Le Tien Truong, Chairman of the Vietnam National Textile and Garment Group (Vinatex), said that immediately after the White House announcement, enterprises within the system began contacting U.S. partners to assess market changes and production impacts.

“Businesses need to maintain jobs, protect incomes, and manage finances flexibly. They should also diversify markets and adjust pricing strategies to retain orders and customers,” Truong stressed. He urged companies to invest in technology, maintain high productivity and quality, and stay alert to daily market shifts for timely solutions.

Hoang Manh Cam, Chief of Vinatex’s Office, noted that no major apparel-exporting country received a favorable rate, with the baseline set at 10%. Vietnam’s 20% rate matches Bangladesh’s but is higher than Turkey’s (15%) and Cambodia and Indonesia’s (both at 19%), while lower than India’s (25%). Some African countries enjoy a 10-15% rate but currently lack the production capacity to disrupt Vietnam’s market share.

According to Dr.
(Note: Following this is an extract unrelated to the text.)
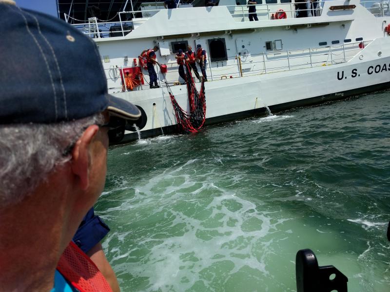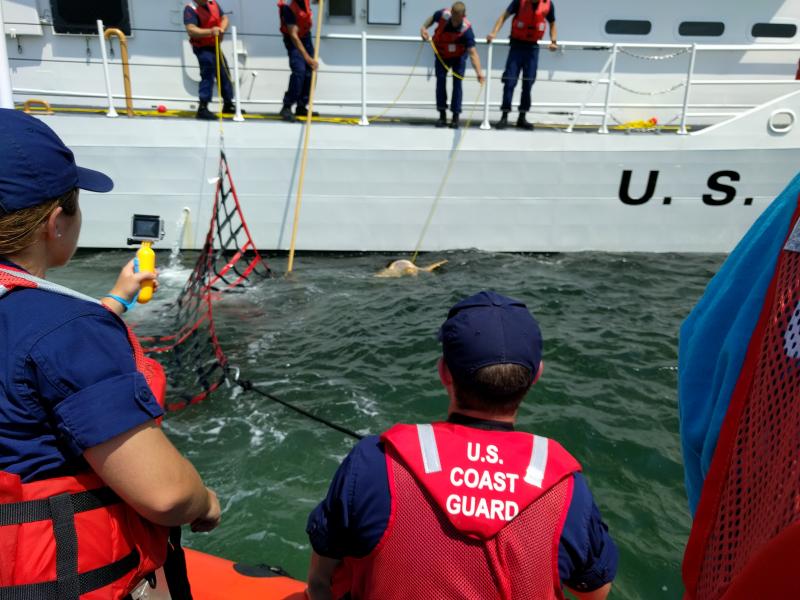 The crew contacted Lewes-based Marine Education, Research & Rehabilitation Institute and arranged to pick them up in a deployable boat, while Coast Guard Station Cape May brought members of the Sea Turtle Recovery to the ship.

Nguyen Huu Cung from the Vietnam National University, Hanoi, while the U.S. remains Vietnam’s leading export market, diversifying destinations is vital to reduce dependence on large markets. Tariff pressures could also serve as an incentive for upgrading the national value chain and pursuing sustainable growth.

Pushing production and sales

Despite global volatility - from geopolitical tensions to complex trade barriers - Vietnamese textile companies are striving to meet annual targets.
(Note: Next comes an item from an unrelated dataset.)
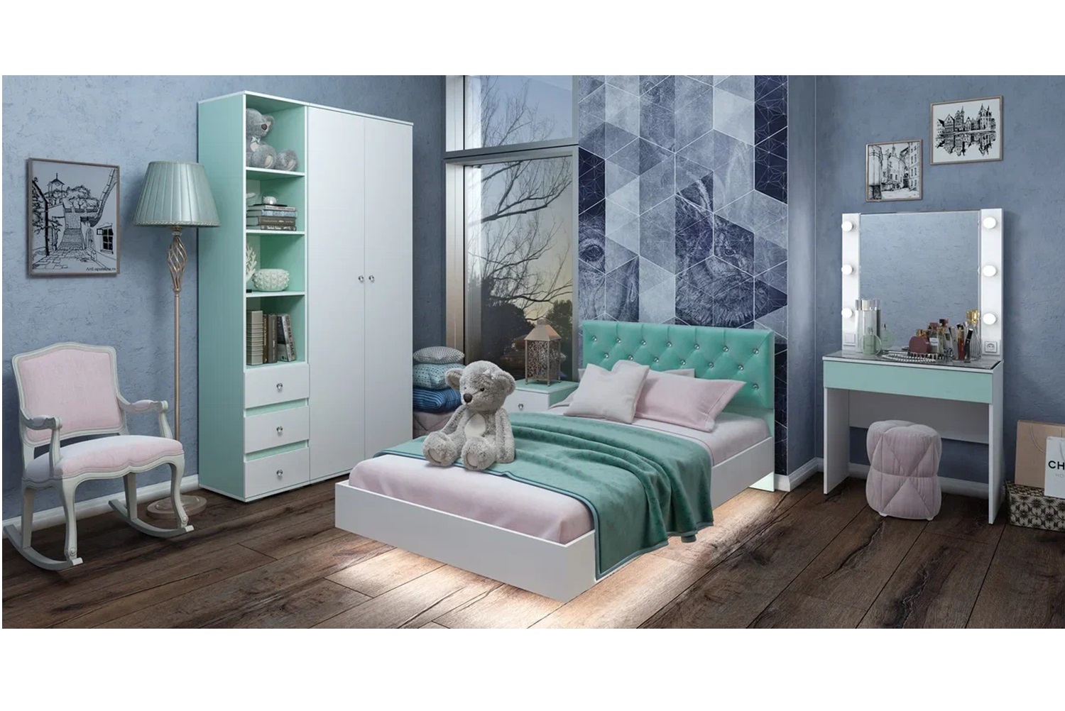 Шкаф имеет размеры 802 х 464 х 2176 мм и оснащён отделением со штангой и полками для хранения белья. Ручки выполнены в виде хрусталя, что придаёт изделию особый шарм. Благодаря своему цветовому решению, этот шкаф прекрасно впишется в светлый интерьер вашей комнаты.

At the 8-3 Textile Company, General Director Vien Minh Dao reported that in the first seven months of 2025, output reached 6,832 tons of yarn (51.7% of the annual plan), revenue hit 460 billion VND (about USD 18.4 million), and cumulative profit was 800 million VND (about USD 32,000), with an average monthly salary of 13.2 million VND (about USD 530) per worker.

The company has optimized daily output, stabilized quality, and invested in automation, such as upgrading bobbin-winding machines and installing dust-filtering systems, to enhance product competitiveness.

Nguyen Thi Mong Hoai, Deputy Director of Hoa Tho Garment Factory (Quang Ngai), said the unit faced severe challenges after COVID-19, with declining orders. However, recent efforts have raised seven-month revenue to 85 billion VND (about USD 3.4 million), 59% of the annual target, with average monthly wages at 9.8 million VND (about USD 390). Current orders will keep the factory busy until October 2025, with some contracts extending to March 2026.

To meet the year’s export goal of 145 billion VND (about USD 5.8 million), the factory plans to invest in modern machinery, reduce costs, and explore new markets.